Nobody likes to talk about the fact that America also “gave a total of $18.6 billion of equipment to the Afghan National Defense and Security Forces.” It wasn’t all at once though. That was “from 2005 to August 2021.

To soften the blow, authors of the report note that we all ready had it paid for on the books, forgetting that the important part is that it’s being used for terror now. Out of the $18.6 billion total, “equipment worth $7.12 billion remained in Afghanistan after the US withdrawal was completed on August 30, 2021.” They think the price reports will distract everyone from thinking about what the inventory list names.

An unlimited cost in security

No matter what the monetary price of the abandoned weaponry is, the real cost is drastically decreased security. Blinky and his minions left behind “aircraft, air-to-ground munitions, military vehicles, weapons, communications equipment and other materials.

The sort of communications equipment and other materials which can’t be ordered from Amazon.

Blinky still throws paperweights at anyone who dares to mention the word “Saigon” in his presence.

He’s not happy to see the report leak in the liberal press because he knows the “huge value of the hardware left behind will serve to refocus attention on the chaotic and hasty Afghanistan withdrawal that has been heavily criticized by lawmakers from both parties.” Say the “S” word and you’ll pay a heavy price, he snarls.

Also on the price list of equipment being written off to ISIS are five Mi-17 helicopters that had been in Afghanistan. Technically, they weren’t ours anymore, so that makes it alright. They “were officially transferred to Ukraine in 2022, though they were already in Ukraine for maintenance before the US left Afghanistan.

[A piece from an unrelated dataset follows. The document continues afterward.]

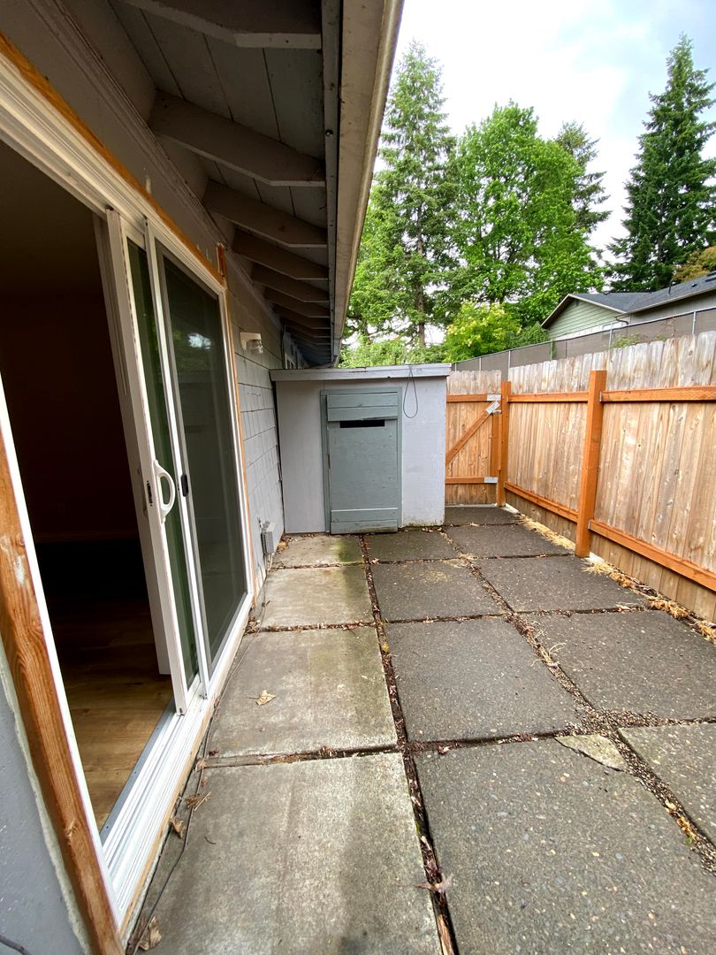 • A private back patio with storage.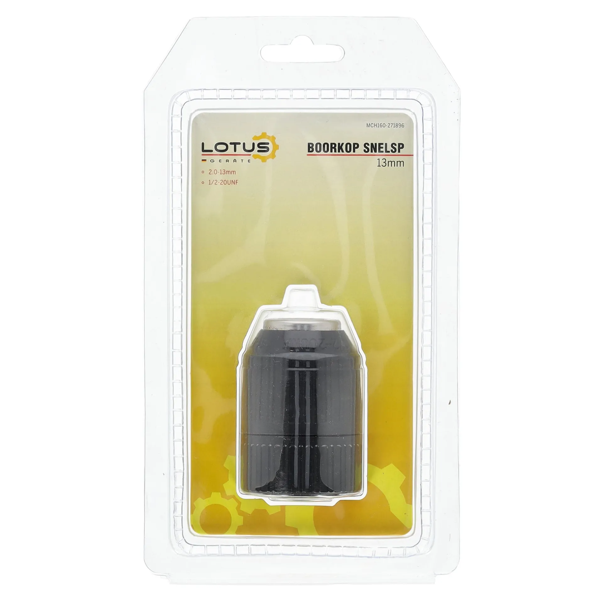 Deze Lotus snelspanboorkop is geschikt voor boren met een diameter van 2 tot 13 mm. Dankzij de snelspanfunctie wissel je boren eenvoudig zonder sleutel. De boorkop heeft een 1/2-20 UNF aansluiting en is bedoeld voor gebruik op boormachines met deze schroefdraad. Een praktische vervanging of upgrade voor dagelijks boorwerk.

Also included are “non-standard munitions” as part of the Ukraine deal, “including about 37,000 122mm howitzer rounds.” Oh, almost forgot about the “15 million rounds of Ball rifle ammunition, over 99,000 40mm high-explosive/fragmentation grenade cartridges, and about 119,000 82mm high-explosive mortar rounds.” Wait, there’s more. “Over 40,000 of the total 96,000 military vehicles the US gave to Afghan forces remained in Afghanistan at the time of the US withdrawal, including 12,000 military Humvees.” The spy gear was too numerous to mention.